If you’re not worn out and your freezer isn’t full from two weeks of buck hunting, and more than a month of bow hunting, hunters in West Virginia have plenty more opportunities in the coming days.    The regular antlerless deer season opens Monday across the state of West Virginia.    Although it’s another deer hunting opportunity for sportsmen, it’s a far more critical matter to the West Virginia DNR.

"The only way that deer populations are controlled is through the antlerless harvest," said DNR Biologist Jim Crum. "Female segment is the most important part of our harvest management plan."

The plan is complex and varies in many cases from county to county and in some cases differs in parts of counties.  Some are closed altogether while others have extremely liberal bag limits on the numbers of does you can shoot.      Crum says it’s the time of year that he and his colleagues engage in what is often a delicate balancing act of what is biologically sound to what is socially acceptable.

"That’s the tough part, because everybody’s got a different impression of the amount of deer that are acceptable," said Crum. "To a hunter during hunting season if they don’t see a deer every five minutes then the deer population is not high enough.   To a farmer in the summertime watching deer on his pasture or in a garden, one deer is too many."

The DNR examines data annually to set the season dates, bag limits, and the areas where pressure needs to be exerted or lessened to try and find the proper balance of how many deer a habitat will carry and how many people want to have there to start with. 

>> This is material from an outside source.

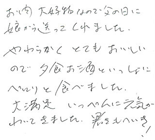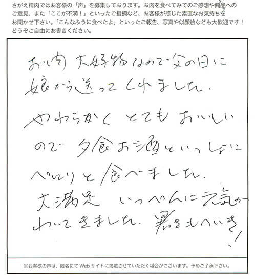 お肉大好物なので父の日に娘から送ってくれました。やわらかくとてもおいしいので夕食お酒といっしょにペロリと食べました。大満足 いっぺんに元気がわいてきました。暑さもへいき!

In a large number of West Virginia counties, hunters have been extended the opportunities to kill does during the entire two weeks of the buck hunting season, provided they have proper antlerless permits.   The concurring season is open on private land only.  The DNR says private property is their biggest challenge.    Often, antlerless deer are safe in those private tracts for a number of reasons.    Hunting pressure drops off significantly in during the antlerless season and in many cases those who hunt private property are simply looking for a buck.

"A lot of people still don’t like killing a female deer.  They just do not think that’s something they should do," said Crum who has spent half his career trying to change long-standing mindsets about doe hunting. "They don’t realize that’s the most important thing they can do to have more deer and to have healthier deer."